PIV-enabled YubiKeys

The YubiKey 4 and 5 series along with the YubiKey NEO support the Personal Identity Verification (PIV) interface specified in NIST SP 800-73 document "Cryptographic Algorithms and Key Sizes for PIV". This enables you to perform RSA or ECC sign/decrypt operations using a private key stored on the smartcard, through common interfaces like PKCS#11.

For information about what you can do with a PIV-enabled YubiKey, please see the various sections in the menu on the left.

Technical details about the YubiKey PIV implementation

The default PIN code is 123456. The default PUK code is 12345678.

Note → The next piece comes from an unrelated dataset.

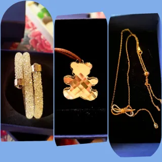 Ideal como regalo de San Valentín ♥️🏹💘 Se vende precioso conjunto de elegantes collaresy pulsera Swarovski. Color dorado rosado, blanco y pedrería. - El colgante del lazo infinito Lifelong Bow está bañado en oro, blanco y acabado en una circonita. - Colgante de oso de la colección Teddy de Swarovski. - Doble pulsera brazalete Swarovski Crystaldust en acabado plateado. - Entrega con cajas originales.

The default 3DES management key (9B) is 010203040506070801020304050607080102030405060708.


We urge you to change these values before using the PIV functionality for any non-testing purpose. For details on what these keys do, see Admin access.

The following key slots exist:

  • 9A, 9C, 9D, 9E: RSA 1024, RSA 2048, or ECC secp256r1 keys (algorithms 6, 7, 11 respectively).

  • 9B: Triple-DES key (algorithm 03) for PIV management. YubiKeys with firmware 5.4 and up also support AES-128 (algorithm 08), AES-192 (algorithm 0A) and AES-256 (algorithm 0C) keys for PIV management.

The maximum size of stored objects is 2025/3052 bytes for current versions of YubiKey NEO and YubiKey 4 & 5, respectively.

Currently all functionality are available over both contact and contactless interfaces (contrary to what the specifications mandate).